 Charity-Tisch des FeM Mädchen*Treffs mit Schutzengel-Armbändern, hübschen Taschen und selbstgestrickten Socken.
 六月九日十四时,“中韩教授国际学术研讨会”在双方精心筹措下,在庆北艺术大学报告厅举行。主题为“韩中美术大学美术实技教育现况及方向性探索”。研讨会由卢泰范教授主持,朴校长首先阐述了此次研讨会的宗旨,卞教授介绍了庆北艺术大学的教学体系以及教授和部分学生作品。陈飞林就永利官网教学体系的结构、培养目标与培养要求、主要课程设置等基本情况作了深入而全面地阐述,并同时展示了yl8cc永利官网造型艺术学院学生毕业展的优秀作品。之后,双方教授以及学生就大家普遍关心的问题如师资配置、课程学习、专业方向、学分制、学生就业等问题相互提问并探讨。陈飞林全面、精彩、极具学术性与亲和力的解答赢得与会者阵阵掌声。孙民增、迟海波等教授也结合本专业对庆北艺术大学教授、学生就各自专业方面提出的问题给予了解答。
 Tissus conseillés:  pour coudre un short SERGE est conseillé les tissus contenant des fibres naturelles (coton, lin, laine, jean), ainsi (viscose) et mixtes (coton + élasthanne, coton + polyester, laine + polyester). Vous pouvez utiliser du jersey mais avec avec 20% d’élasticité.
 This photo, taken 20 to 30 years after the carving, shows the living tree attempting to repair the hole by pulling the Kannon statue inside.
##########
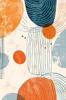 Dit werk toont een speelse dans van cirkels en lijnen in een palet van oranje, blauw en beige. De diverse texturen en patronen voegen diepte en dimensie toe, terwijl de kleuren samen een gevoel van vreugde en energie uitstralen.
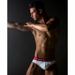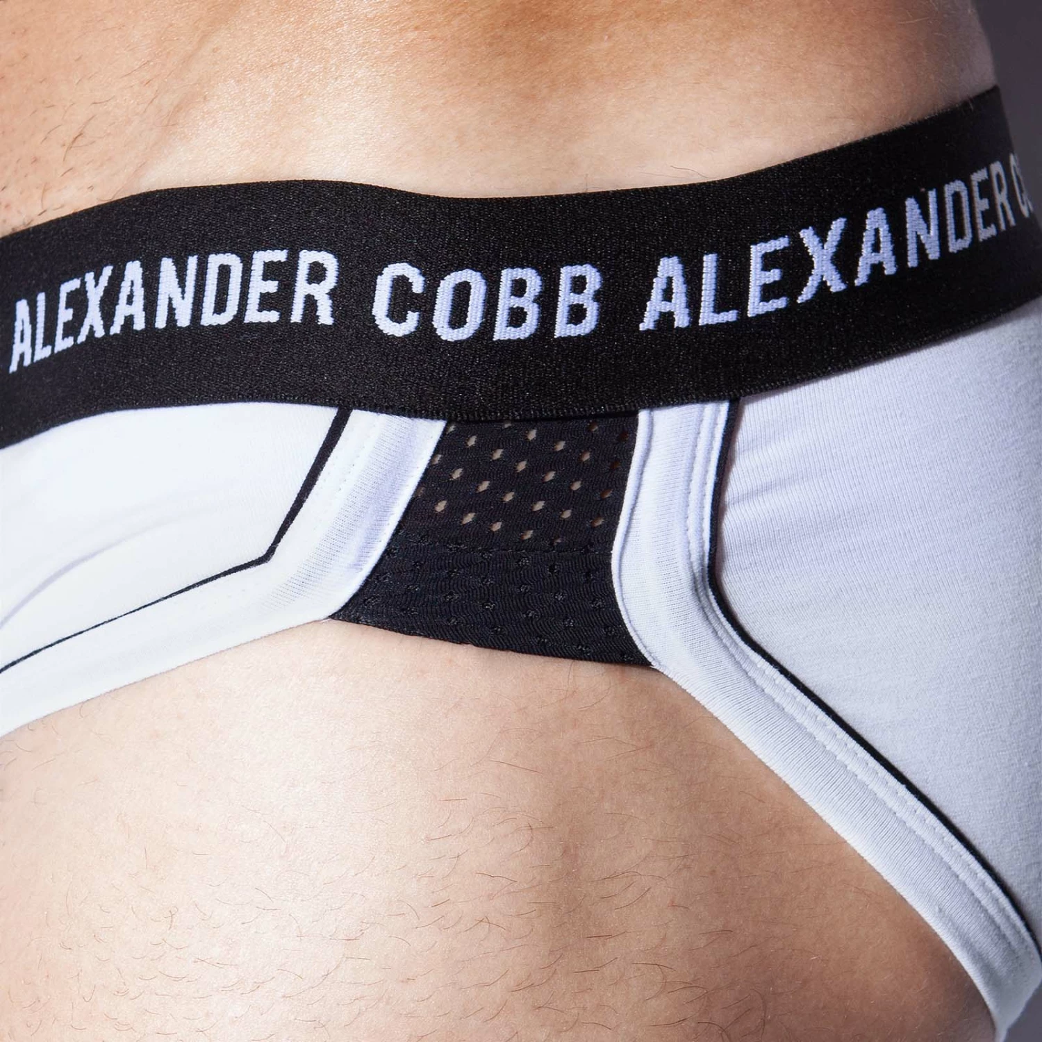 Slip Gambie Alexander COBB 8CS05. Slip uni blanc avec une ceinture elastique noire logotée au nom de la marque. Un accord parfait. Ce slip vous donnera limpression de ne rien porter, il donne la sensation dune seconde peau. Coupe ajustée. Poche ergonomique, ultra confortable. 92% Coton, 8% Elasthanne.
##########
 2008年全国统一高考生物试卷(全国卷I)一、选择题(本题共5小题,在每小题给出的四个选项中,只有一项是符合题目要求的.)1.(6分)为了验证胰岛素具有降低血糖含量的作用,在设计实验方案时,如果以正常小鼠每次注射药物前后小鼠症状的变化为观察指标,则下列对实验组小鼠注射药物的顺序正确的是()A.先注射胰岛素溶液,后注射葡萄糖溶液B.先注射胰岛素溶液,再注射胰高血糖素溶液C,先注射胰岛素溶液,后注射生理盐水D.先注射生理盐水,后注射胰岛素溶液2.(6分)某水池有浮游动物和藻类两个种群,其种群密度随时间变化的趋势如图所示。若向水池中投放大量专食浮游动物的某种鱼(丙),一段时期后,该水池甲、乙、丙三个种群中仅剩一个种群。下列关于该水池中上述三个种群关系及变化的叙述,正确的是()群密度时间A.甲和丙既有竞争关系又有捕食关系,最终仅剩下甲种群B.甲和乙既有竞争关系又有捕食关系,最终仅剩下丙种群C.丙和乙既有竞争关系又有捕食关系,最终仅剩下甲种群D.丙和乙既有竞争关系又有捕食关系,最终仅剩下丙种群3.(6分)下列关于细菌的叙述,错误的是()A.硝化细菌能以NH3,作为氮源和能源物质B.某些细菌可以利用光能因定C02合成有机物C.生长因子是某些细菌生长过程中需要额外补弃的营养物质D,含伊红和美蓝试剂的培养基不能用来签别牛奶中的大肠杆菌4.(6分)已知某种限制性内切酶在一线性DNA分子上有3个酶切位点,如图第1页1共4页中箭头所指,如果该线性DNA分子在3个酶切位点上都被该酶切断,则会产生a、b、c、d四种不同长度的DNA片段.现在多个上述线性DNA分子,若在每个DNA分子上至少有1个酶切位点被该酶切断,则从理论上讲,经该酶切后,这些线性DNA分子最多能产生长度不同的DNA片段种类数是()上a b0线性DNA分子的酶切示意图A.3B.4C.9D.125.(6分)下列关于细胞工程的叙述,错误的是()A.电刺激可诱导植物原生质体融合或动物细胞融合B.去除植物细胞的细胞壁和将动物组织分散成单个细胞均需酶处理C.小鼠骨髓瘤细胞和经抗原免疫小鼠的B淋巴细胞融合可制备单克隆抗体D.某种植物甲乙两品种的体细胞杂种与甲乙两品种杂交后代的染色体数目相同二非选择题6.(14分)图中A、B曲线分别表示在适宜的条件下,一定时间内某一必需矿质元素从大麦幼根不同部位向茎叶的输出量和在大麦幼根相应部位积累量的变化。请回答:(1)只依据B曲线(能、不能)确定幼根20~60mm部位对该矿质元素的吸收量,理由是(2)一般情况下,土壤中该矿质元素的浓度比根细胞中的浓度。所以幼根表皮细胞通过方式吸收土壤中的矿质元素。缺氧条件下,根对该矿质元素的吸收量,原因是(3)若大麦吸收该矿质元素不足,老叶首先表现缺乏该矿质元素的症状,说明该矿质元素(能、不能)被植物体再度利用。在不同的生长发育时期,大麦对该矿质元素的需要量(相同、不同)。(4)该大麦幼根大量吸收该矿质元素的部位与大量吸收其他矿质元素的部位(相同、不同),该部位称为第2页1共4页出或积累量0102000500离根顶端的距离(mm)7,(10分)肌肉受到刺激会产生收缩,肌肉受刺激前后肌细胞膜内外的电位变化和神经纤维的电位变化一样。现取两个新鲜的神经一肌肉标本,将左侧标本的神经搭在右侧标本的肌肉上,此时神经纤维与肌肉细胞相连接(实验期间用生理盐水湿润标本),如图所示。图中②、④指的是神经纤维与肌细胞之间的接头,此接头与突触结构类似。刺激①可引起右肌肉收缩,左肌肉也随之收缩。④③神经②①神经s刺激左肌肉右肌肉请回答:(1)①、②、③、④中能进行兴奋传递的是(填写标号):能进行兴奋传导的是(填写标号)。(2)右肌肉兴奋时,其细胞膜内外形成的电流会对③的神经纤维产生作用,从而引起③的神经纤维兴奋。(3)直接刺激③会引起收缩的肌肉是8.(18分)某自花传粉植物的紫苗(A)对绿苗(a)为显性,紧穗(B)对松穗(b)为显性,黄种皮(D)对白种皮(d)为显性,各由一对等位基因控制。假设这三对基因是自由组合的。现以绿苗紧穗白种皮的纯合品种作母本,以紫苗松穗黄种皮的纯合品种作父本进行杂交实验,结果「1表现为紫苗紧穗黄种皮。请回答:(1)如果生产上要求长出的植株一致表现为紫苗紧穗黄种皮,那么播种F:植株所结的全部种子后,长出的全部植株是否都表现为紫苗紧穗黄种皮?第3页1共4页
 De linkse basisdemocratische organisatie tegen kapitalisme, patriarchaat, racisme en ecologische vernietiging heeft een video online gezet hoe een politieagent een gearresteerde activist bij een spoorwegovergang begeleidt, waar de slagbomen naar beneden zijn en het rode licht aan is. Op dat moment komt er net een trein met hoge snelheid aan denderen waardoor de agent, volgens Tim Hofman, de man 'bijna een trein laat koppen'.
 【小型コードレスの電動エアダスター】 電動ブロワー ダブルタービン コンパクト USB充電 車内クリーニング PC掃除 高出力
##########
**WHAT YOU NEED TO DO:** Repeat exactly the lines above from the one with "De linkse basisdemocratische" up to and including the one with "車内クリーニング PC掃除 高出力". No other line belongs in the reply.

**FINISHED TASK:**
 De linkse basisdemocratische organisatie tegen kapitalisme, patriarchaat, racisme en ecologische vernietiging heeft een video online gezet hoe een politieagent een gearresteerde activist bij een spoorwegovergang begeleidt, waar de slagbomen naar beneden zijn en het rode licht aan is. Op dat moment komt er net een trein met hoge snelheid aan denderen waardoor de agent, volgens Tim Hofman, de man 'bijna een trein laat koppen'.
 【小型コードレスの電動エアダスター】 電動ブロワー ダブルタービン コンパクト USB充電 車内クリーニング PC掃除 高出力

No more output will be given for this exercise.